As well as enjoying the benefits of self-employment, you'll need to take care with money matters. Find out how to make the right start.
Start your business right
There's a lot to know when you become self-employed. The best way to protect yourself from surprises is to plan ahead.
Setting yourself up properly — legally and financially — is key, leaving you to get on with your business.
Take your first business steps with handy checklists, registration links and useful tips.
Manage your cash flow
Many self-employed people earn a good living. But even if your overall annual income is strong, the flow of money is not always regular. It can be weeks or even months between pay cheques.
If your business turnover is impacted by COVID-19, there's financial assistance to help you.
To help with your cash flow, only make larger purchases once you've paid yourself and covered regular bills. Keep some money aside for the unexpected.
Being self-employed means you won't have the benefit of paid holidays or sick leave. It's up to you to put money aside. Regularly saving a little extra will help you manage during quiet periods, as well as funding a well-deserved break.
See business.gov.au for cash flow and budgeting tips.
Separate your wages and business money
Make a clear division between 'your money' and what belongs to the business. Pay yourself a wage, and keep separate bank accounts so that business spending doesn't get mixed up with your own.
This makes it clear what the business has earned and paid out. It's also easier to see the financial state (the 'profit and loss') of the business at any time.
Think about tax early
It's important to think about tax throughout the year, not only at tax time. Get advice from an accountant and plan for what's coming. See choosing an accountant for tips.
If you're self-employed, you need to pay your own income tax.

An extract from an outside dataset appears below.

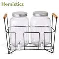 The dispensers sit on a durable black metal stand with wooden handles, providing stability and effortless serving. Whether placed on a kitchen counter, dining table, or buffet setup, this double dispenser adds a refined touch to any occasion.

Put money aside as you earn it, rather than waiting to receive a big tax bill. Open a savings account and transfer a percentage each time you get paid. Make this account for tax payments only, and off limits for other spending.

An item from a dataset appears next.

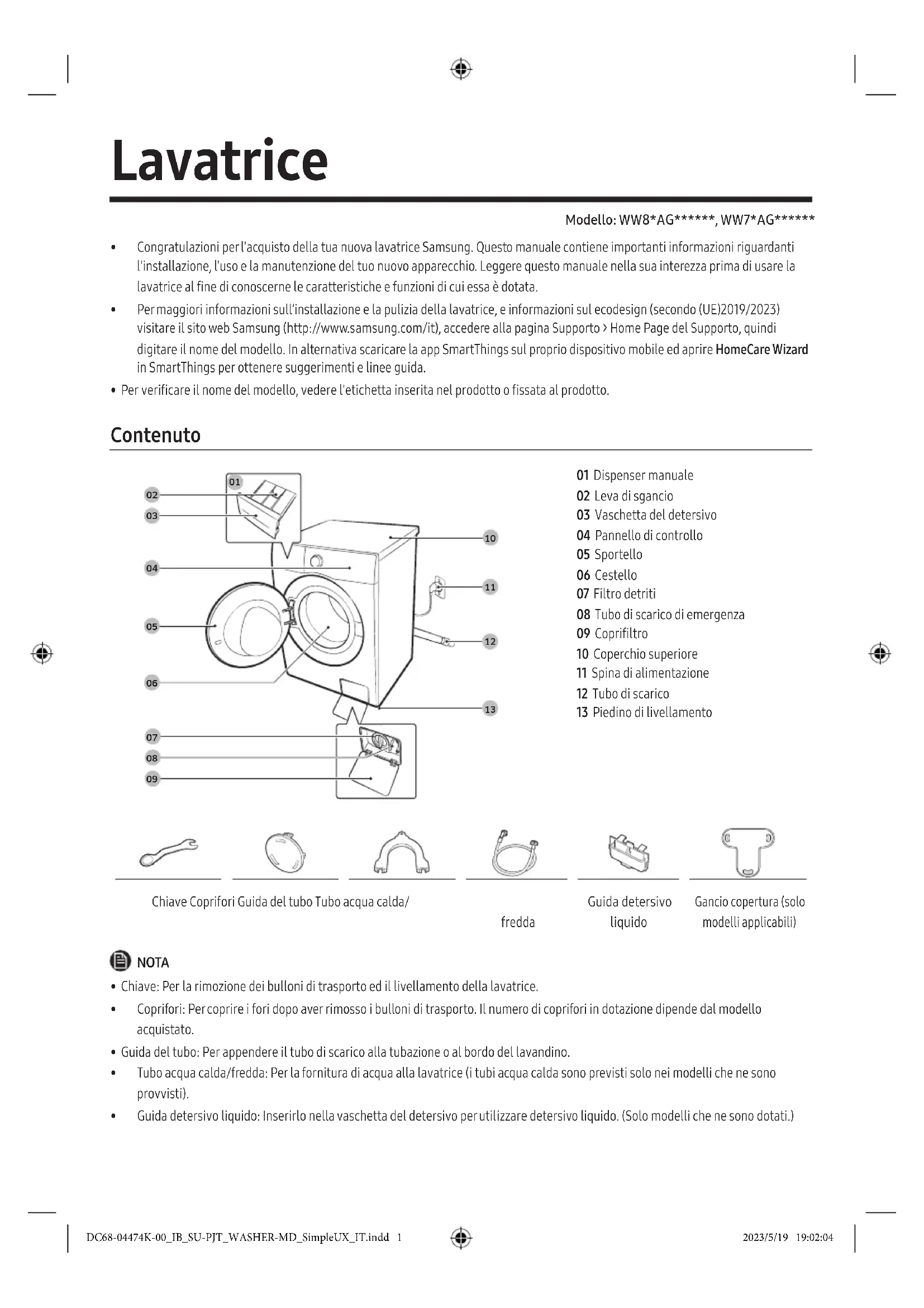 - Per maggiori informazioni sull’installazione e la pulizia della lavatrice, e informazioni sul ecodesign (secondo (UE)2019/2023) visitare il sito web Samsung (http://www.samsung.com/it), accedere alla pagina Supporto > Home Page del Supporto, quindi digitare il nome del modello. In alternativa scaricare la app SmartThings sul proprio dispositivo mobile ed aprire HomeCare Wizard in SmartThings per ottenere suggerimenti e linee guida.

If your business grows, the Australian Taxation Office may require you to pay income tax in quarterly instalments. This is known as pay as you go (PAYG). Get an idea of how much you might have to pay with their PAYG instalment calculator.

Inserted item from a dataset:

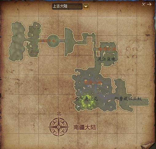 上古大型PVE副本由三个大型区域组成,每个区域都有一个BOSS看守,分别是:看守的猿猴部落【汉江巨猿】、看守的孢泽林地【般罗曼陀花】、看守的石笋坡【雅鲁藏双头蛟】。各部分间有空气墙间隔,玩家需要击倒上一区域的看守BOSS,才能进入下一区域,BOSS所在区域,如下图所示位置:

Goods and services tax (GST)
Businesses that earn over $75,000 per year must register for GST. Once you've registered, you must lodge a regular Business Activity Statement (BAS) to report how much GST your business has collected and is claiming. This may be quarterly or annually.
Easily calculate the amount of GST you have to charge your customers or pay your suppliers.
You may be able to claim some of your business costs against your income, meaning you pay less tax. Speak to your accountant, and keep all your receipts in case you need them.
Make your super count
Superannuation may not be at the top of your list when you're starting out by yourself. But it's important to think about it early. Super is a tax-efficient way of saving money to live on when you stop working.
Since you won't get regular super contributions from an employer, it's up to you to make them yourself. As well as investing for your future, adding to your super can reduce the tax on your current income. You may also be eligible for the government super co-contribution.
See super for self-employed people for more information.
Protect your income — and your business
Without sick leave, getting sick or injured can mean financial difficulties. Income protection insurance can help you pay your bills if you can't work.
If you have a super fund, find out whether they offer income protection insurance as part of the package.
Consider other types of insurance that can protect you and your business, such as public liability insurance and workers compensation insurance. See business.gov.au for information about insurance for business.
Nathan stays on top of a variable income
Nathan runs his own business as a landscaper.
Nathan's income and expenses go up and down through the year. At first, he found this hard to manage. So he added up his monthly expenses to work out an amount to pay himself each month.
Next, he worked out his monthly cash flow by looking at what he earned across the whole year, then dividing it by 12 to get a monthly average. This tells him whether he's earned extra or not.
When Nathan earns more than usual, he now puts the extra into savings to get him through the leaner months. This means he has funds to cover unexpected business costs, such as an urgent repair.